Don Francisco Tahoces era rico y eso lo situaba en un Olimpo totalmente inalcanzable para la mayoría de los vecinos. Tenía tierras, al parecer, aparte de la sierra, y sobre todo tenía un Renault negro, bastante antiguo. En aquel tiempo no había muchos coches privados en la ciudad, y el suyo estaba aparcado casi siempre en la calle. Yo lo miraba con admiración, con sorpresa. Muchos días el coche no se movía de su sitio.
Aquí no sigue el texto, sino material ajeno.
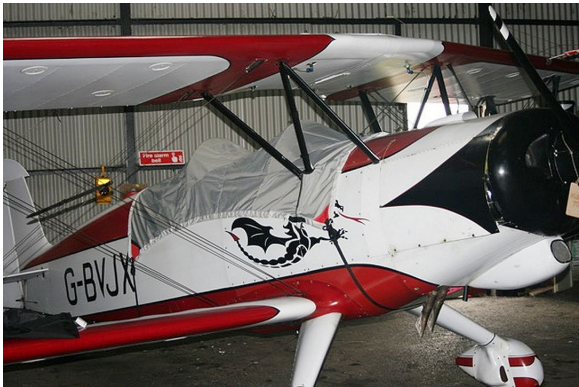
Marquardt Charger MA-5 Light Weight Travel Cockpit Cover

This cover type is made from Silver Acrylic Sunbrella canvas and is 100% lined with a soft and smooth microfiber. Bruce's Custom Covers developed this material combination especially for aircraft protection. The outer material is medium weight and treated for water resistance, UV resistance and anti-static buildup. The inner lining is a very soft and smooth microfiber to prevent scratching. The material is very reflective, and tests show that the cabin interior temperature can be reduced to near-ambient temperature on the hottest of days. It is water, ice and snow repellent, yet breathable to allow moisture to escape from between the cover and the aircraft surface.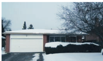
POOL SIZED YARD - BRAMPTON $369,900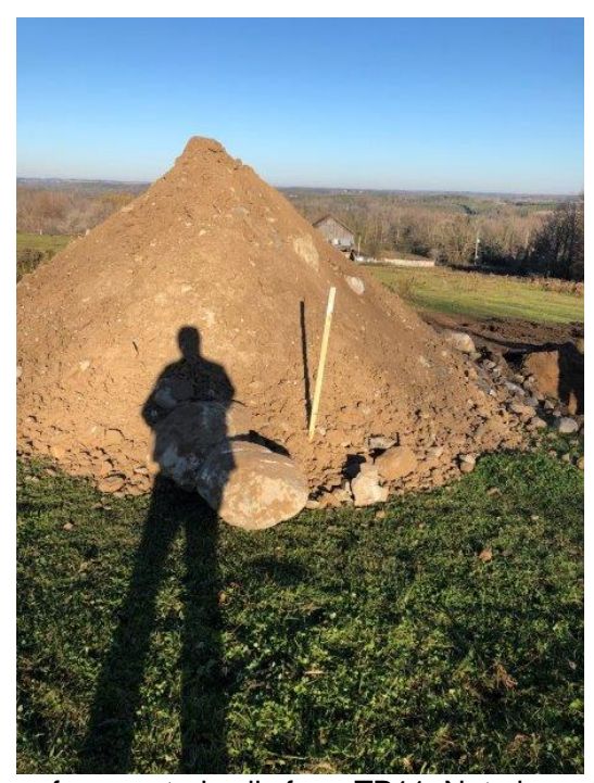
Photograph 12- View of excavated soils from TP11. Note large boulders in soil pile.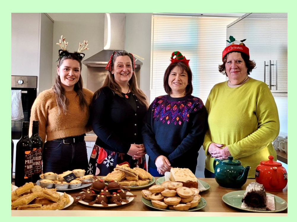
The Community Coffee Morning in December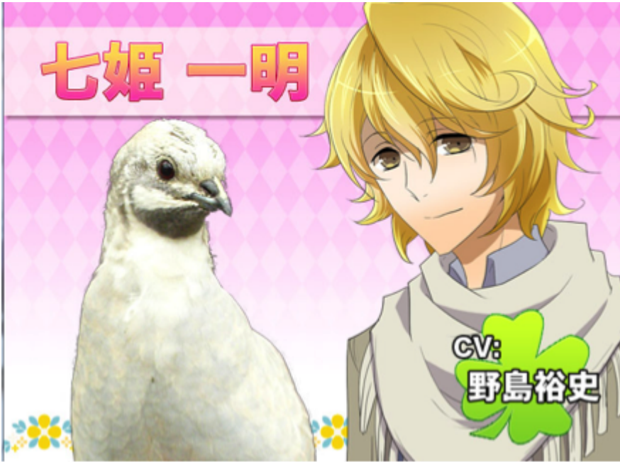
Figure 3. The characters are introduced in their pigeon form and as bishounen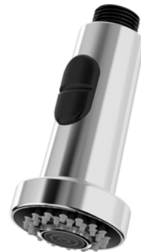
Code 4180537 Round ABS hand shower with anti-limestone system

Please see the product catalogue for further details.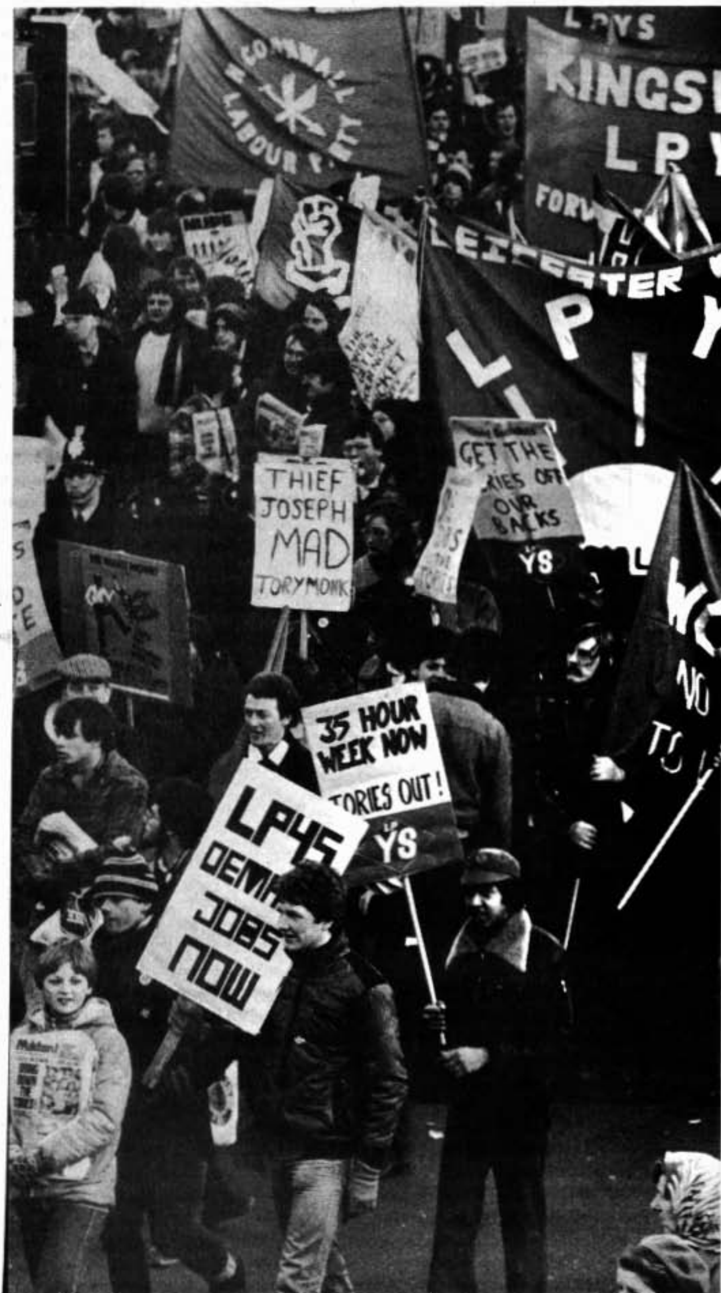
150 000 trade unionists and Labour supporters demonstrate in Liverpool against massive unemployment created by the Tory government.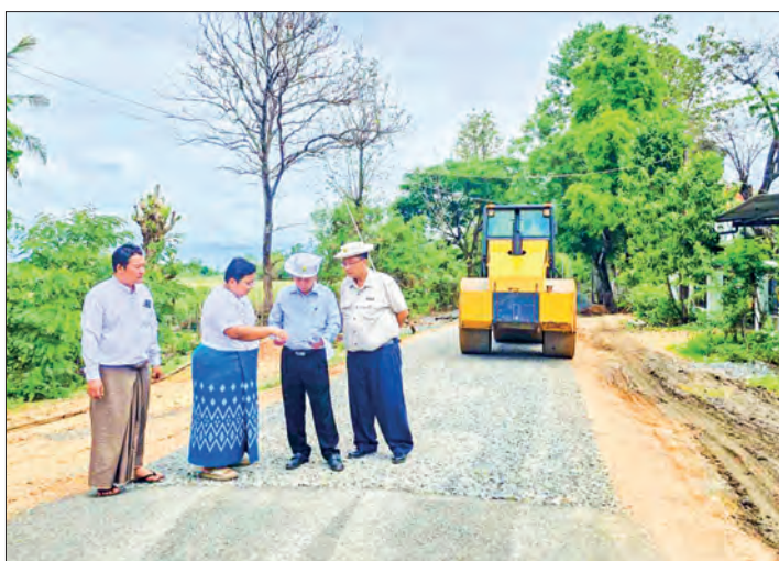
Officials inspect the progress of asphalt overlay work on the Padaung-Daungmyatna Road.

The asphalt overlay project on the Padaung-Daung-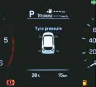
Tyre pressure monitoring system (TPMS) with display on cluster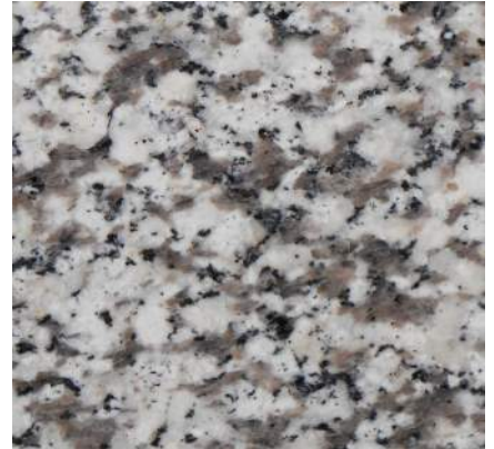
Ivory White Max 110"

Pero en otros, don Paco cruzaba la acera, arrancaba aquel coche negro, que me gustaba saber que era del mismo modelo que abundaba tanto en las fotos de París de aquel tiempo que yo veía en la revista “Life” que mi tío traía a casa. El hecho de que fuera el mismo modelo de Renault me emocionaba un poco: como si París estuviera más cerca. Porque por sus calles circulaban los mismos coches que el que tenía don Paco.

 

Que tardaba bastante en arrancar el vehículo, en acomodarse, y en salir después, lentamente, por la carretera de Orense, tal vez rumbo a Villalibre, donde al parecer don Paco tenía unas choperas en medio de los prados. Y estaba cerca el río Sil. Y el tiempo.

 

CÉSAR GAVELA

 

Un comentario en “Francisco Tahoces

  1. Magnífico y conmovedor artículo, como casi siempre, del señor Gavela. Un servidor también quiso resucitar de alguna manera al señor Tahoces y encontró esto: “Maderas Francisco Tahoces. Grandes Almacenes de Maderas del País y Extranjeras. Apeas, Costeros y Travesillas para Minas. Taller Mecánico, Pizarra de San Pedro de Trones. Teléfono núm. 5. Ponferrada”. Es un anuncio del año 1940. Llamé a ese teléfono para ver si se producía el milagro, pero no contestó nadie. Tampoco percibí el sonido de fondo del aserradero.